The role of age in prognostic studies in breast cancer remains to be clearly established. There is reasonable agreement that younger patients have higher risk of an unfavorable outcome but there is little agreement on the precise nature of the relationship between age and prognosis. A first step in studying any such relationship can be based on the division of patients into two groups: a high risk and a low risk group. A simple and popular classification rule consists in determining a cutoff value of the continuous variable age. How to choose the actual cutoff however is not a straightforward problem (Lausen and Schumacher Biometrics 48 (1992) 73–75; Comput. Statist. Data Anal. 21 (1996) 307–326; Altman et al., J. Natl. Cancer Institute 86 (1994) 829–835). We address this problem in a way similar to that of Lausen and Schumacher by showing that the asymptotic distribution of a re-scaled rank statistic is the same as the distribution of the Brownian bridge. Our approach avoids arbitrarily eliminating potential cutpoints near the extremities. The maximisation of the proposed statistic enables estimation of a cutpoint and the calculation of its significance. The statistical problem is presented in the general case and is detailed in the case of survival analysis with censored data. Simulations suggest our approach to have smaller bias and greater power in certain situations than that of Lausen and Schumacher. We present a Monte-Carlo study and an illustration of the approach in a study on the effect of age at diagnosis and subsequent survival in breast cancer.

Introduction

In clinical and epidemiological studies, the quantification of the effect of a continuously measured prognostic factor is not straightforward. A variable measured on a continuous scale may have prognostic significance concerning survival time, but the form of its effect may be non linear, as opposed to that which is often implied by the model, and generally not easy to evaluate.

An attractive approach to problems in which we know little, apart from a reasonable assumption of monotonicity, concerning the relation between the covariable and survival, is to create two groups on the basis of a cutpoint. If the unknown relationship is indeed linear then information is lost but the analysis nonetheless maintains validity. This validity holds for any monotonic relationship so, whilst a changepoint approach is suboptimal, it is a useful alternative having wide generality when we do not have good reasons for pursuing some particular functional form.

The importance of this problem is clear in cancer studies, and in particular in studies involving breast cancer. Beyond trying to explain observed variability, research focuses on the distinction of low and high risk groups. Using changepoint methods to establish low and high risk groups only makes sense in conjunction with input from the medical investigators in the clinical context. This is only part of the analysis and, if the main goal is to establish risk groups, other approaches may be helpful, such as using the predicted 5-year survival probabilities.

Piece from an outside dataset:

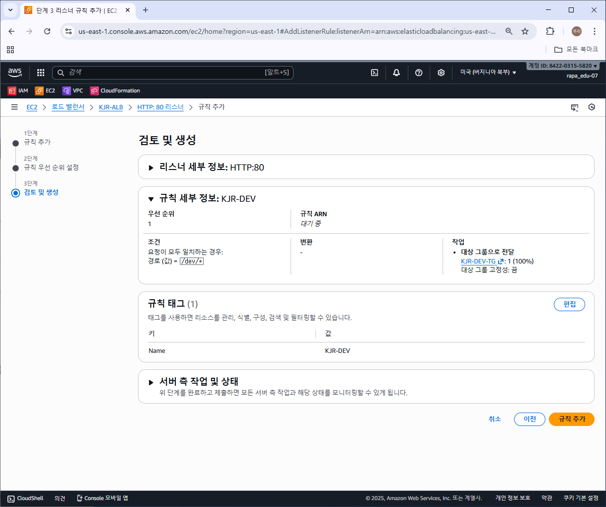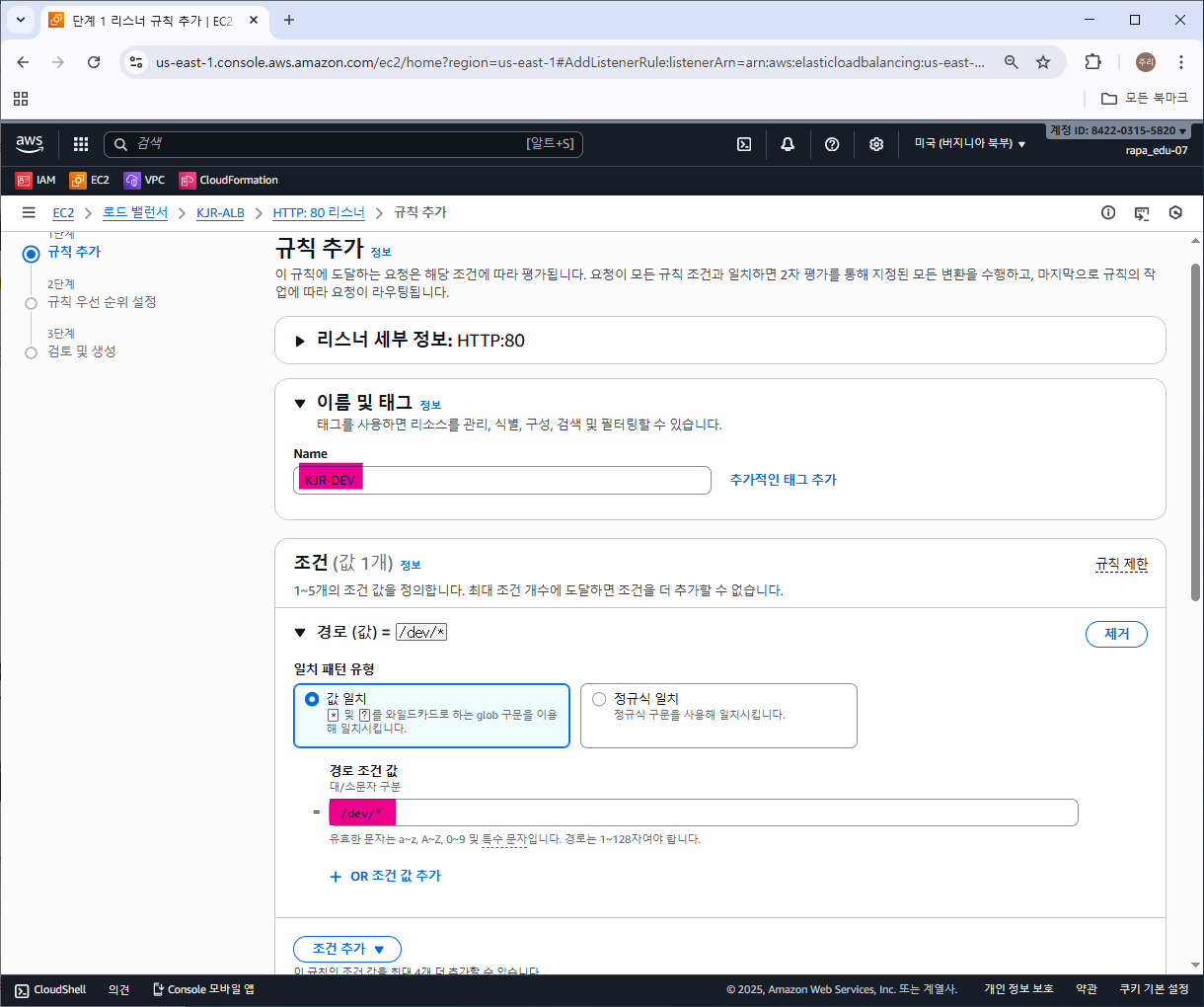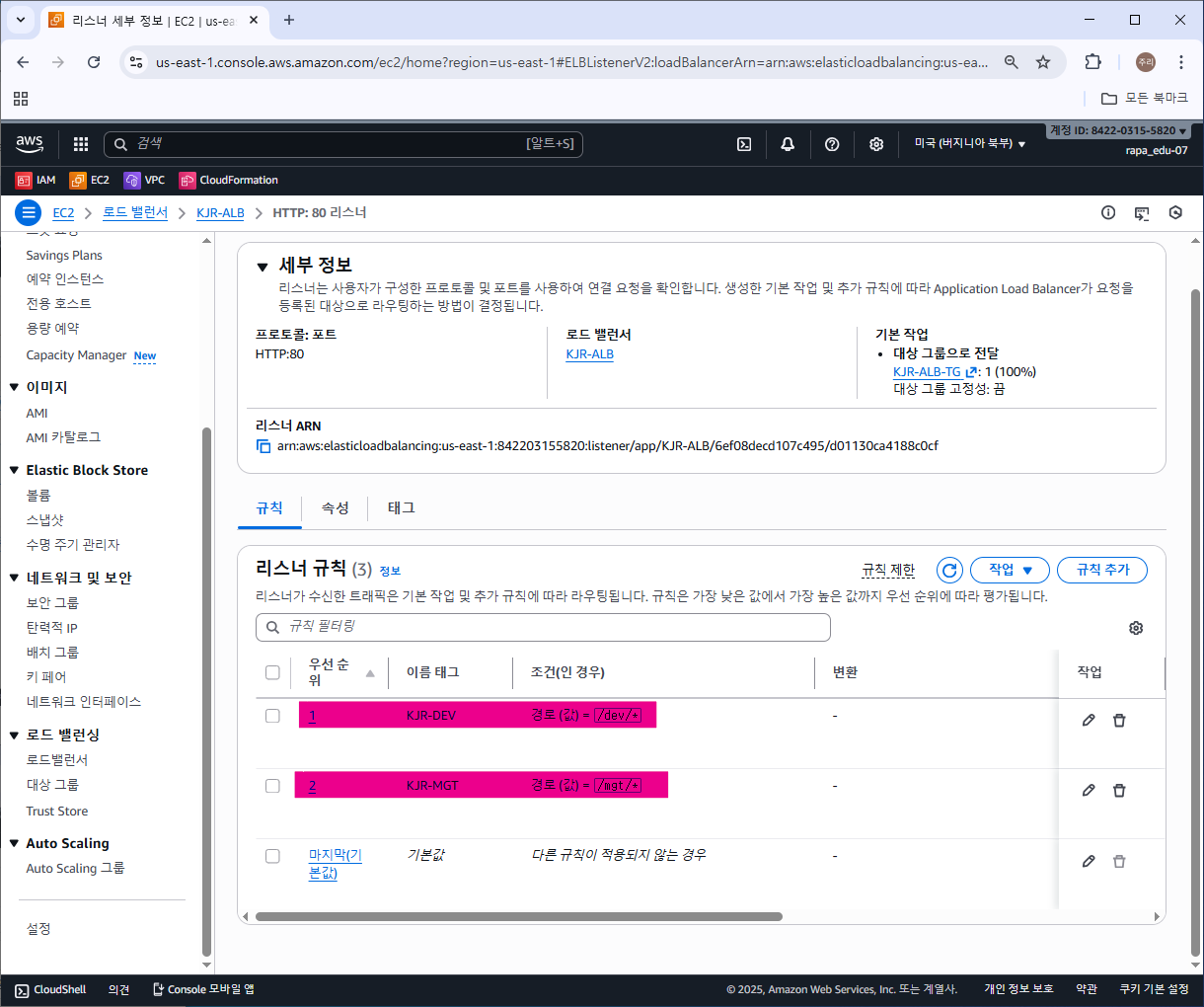 2) 경로 기반 라우팅 설정을 위한 ALB 리스너 규칙 추가

Our particular application concerned the effect of age at diagnosis on survival in breast cancer. The problem remains controversial. Several authors have reported different effects of age. Some studies indicate a poorer prognosis for a group of patients under 45 (Marubini et al., 1990). Whilst others make a distinction between patients under and those over 40 (Ribeiro and Swidell, 1981), or 33 (De La Rochefordiere et al., 1993). Some have concluded that prognosis is better for young women (Rutquist and Wallgren, 1983), whilst others conclude there is no effect of age (Wallgren et al., 1977; Sutherland and Mather, 1986). Høst and Lund (1986) explain these differences by different choices in age categorization. Zahl and Tretli (1997) explain these differences by interactions and time varying effects of age.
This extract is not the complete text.